* **Problem to solve**
Once the line containing "- 【再値下げ!即決!】★OLIVE des" is found in the records below, return it and each following line exactly, up to and including the line containing "Grant Wallace shoots", and nothing else.

* **Exercise materials**
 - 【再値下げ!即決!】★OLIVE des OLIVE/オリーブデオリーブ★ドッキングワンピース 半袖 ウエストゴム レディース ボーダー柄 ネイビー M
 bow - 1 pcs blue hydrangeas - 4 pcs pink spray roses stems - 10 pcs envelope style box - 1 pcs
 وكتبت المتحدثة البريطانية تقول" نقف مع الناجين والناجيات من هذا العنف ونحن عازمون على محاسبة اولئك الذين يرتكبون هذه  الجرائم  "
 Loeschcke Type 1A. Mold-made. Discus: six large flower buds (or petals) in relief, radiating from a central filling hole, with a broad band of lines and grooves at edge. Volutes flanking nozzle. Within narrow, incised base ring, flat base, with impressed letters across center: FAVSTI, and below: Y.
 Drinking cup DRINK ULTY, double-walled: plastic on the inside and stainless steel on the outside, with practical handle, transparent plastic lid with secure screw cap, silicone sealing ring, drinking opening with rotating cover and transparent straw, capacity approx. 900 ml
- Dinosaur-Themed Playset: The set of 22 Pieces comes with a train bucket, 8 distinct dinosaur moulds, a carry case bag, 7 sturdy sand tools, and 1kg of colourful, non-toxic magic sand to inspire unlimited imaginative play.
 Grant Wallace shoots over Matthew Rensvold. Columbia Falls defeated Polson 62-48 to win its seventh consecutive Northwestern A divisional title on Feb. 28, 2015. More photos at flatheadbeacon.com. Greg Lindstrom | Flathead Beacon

--

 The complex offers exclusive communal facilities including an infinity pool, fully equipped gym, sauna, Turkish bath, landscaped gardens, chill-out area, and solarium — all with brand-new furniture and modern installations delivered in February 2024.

--

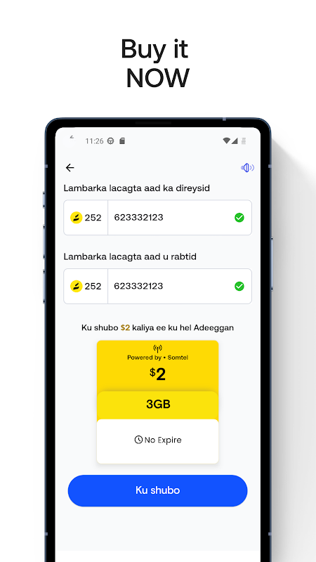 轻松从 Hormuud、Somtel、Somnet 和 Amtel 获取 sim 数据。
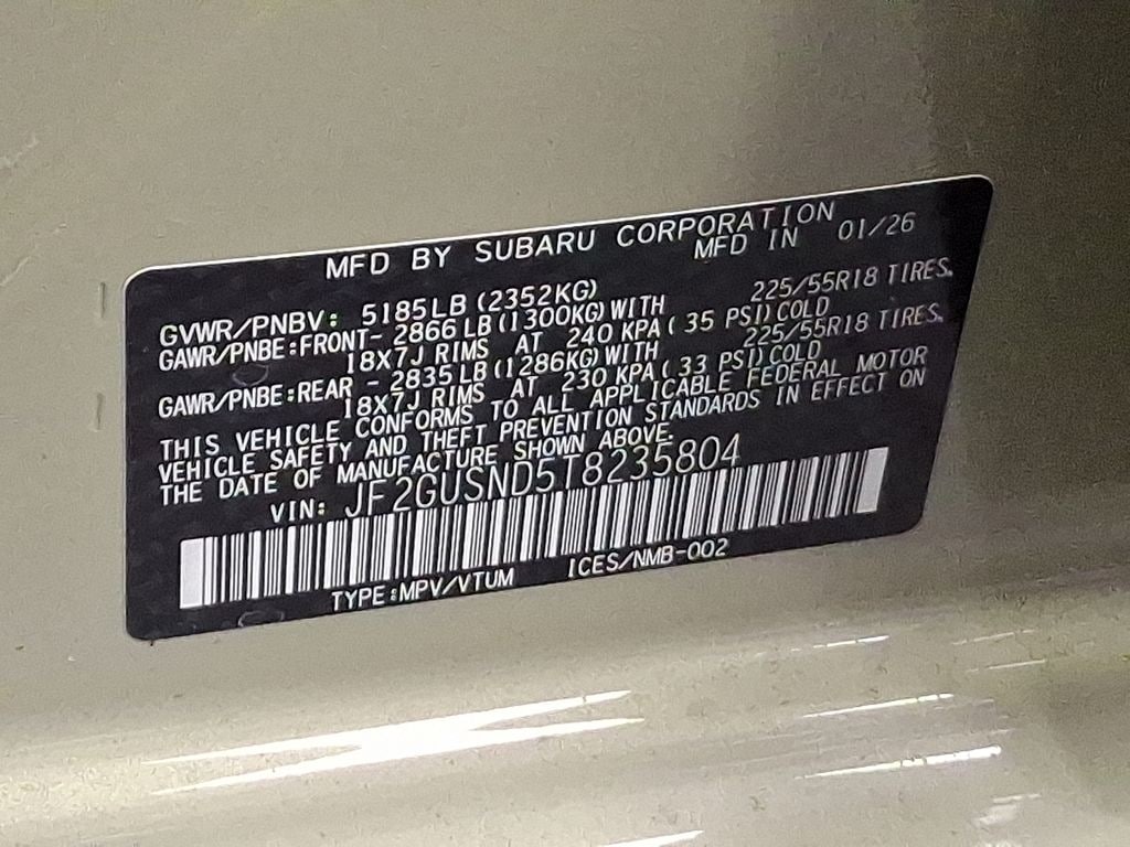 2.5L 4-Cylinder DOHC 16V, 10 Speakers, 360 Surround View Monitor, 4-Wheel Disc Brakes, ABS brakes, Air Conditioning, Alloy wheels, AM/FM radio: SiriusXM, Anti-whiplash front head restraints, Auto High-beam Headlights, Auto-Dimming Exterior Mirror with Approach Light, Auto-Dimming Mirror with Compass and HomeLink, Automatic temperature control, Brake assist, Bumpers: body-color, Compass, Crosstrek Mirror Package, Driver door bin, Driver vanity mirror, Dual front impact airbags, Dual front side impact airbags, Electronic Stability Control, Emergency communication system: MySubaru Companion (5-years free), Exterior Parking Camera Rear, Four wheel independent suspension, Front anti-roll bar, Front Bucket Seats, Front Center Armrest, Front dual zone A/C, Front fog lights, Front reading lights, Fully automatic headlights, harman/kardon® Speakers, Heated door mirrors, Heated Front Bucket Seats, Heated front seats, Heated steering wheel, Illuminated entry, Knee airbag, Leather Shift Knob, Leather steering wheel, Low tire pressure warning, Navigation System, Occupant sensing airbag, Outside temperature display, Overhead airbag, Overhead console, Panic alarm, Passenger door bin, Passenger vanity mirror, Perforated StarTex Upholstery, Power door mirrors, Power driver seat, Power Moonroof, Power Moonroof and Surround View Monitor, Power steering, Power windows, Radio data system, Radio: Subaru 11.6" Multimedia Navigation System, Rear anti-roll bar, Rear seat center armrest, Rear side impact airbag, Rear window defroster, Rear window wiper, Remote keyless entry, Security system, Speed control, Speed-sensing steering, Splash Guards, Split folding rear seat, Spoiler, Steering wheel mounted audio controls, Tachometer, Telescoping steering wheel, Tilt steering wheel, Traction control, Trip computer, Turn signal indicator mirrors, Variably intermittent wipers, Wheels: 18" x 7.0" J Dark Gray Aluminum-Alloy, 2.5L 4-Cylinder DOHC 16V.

* **Task result**
 - 【再値下げ!即決!】★OLIVE des OLIVE/オリーブデオリーブ★ドッキングワンピース 半袖 ウエストゴム レディース ボーダー柄 ネイビー M
 bow - 1 pcs blue hydrangeas - 4 pcs pink spray roses stems - 10 pcs envelope style box - 1 pcs
 وكتبت المتحدثة البريطانية تقول" نقف مع الناجين والناجيات من هذا العنف ونحن عازمون على محاسبة اولئك الذين يرتكبون هذه  الجرائم  "
 Loeschcke Type 1A. Mold-made. Discus: six large flower buds (or petals) in relief, radiating from a central filling hole, with a broad band of lines and grooves at edge. Volutes flanking nozzle. Within narrow, incised base ring, flat base, with impressed letters across center: FAVSTI, and below: Y.
 Drinking cup DRINK ULTY, double-walled: plastic on the inside and stainless steel on the outside, with practical handle, transparent plastic lid with secure screw cap, silicone sealing ring, drinking opening with rotating cover and transparent straw, capacity approx. 900 ml
- Dinosaur-Themed Playset: The set of 22 Pieces comes with a train bucket, 8 distinct dinosaur moulds, a carry case bag, 7 sturdy sand tools, and 1kg of colourful, non-toxic magic sand to inspire unlimited imaginative play.
 Grant Wallace shoots over Matthew Rensvold. Columbia Falls defeated Polson 62-48 to win its seventh consecutive Northwestern A divisional title on Feb. 28, 2015. More photos at flatheadbeacon.com. Greg Lindstrom | Flathead Beacon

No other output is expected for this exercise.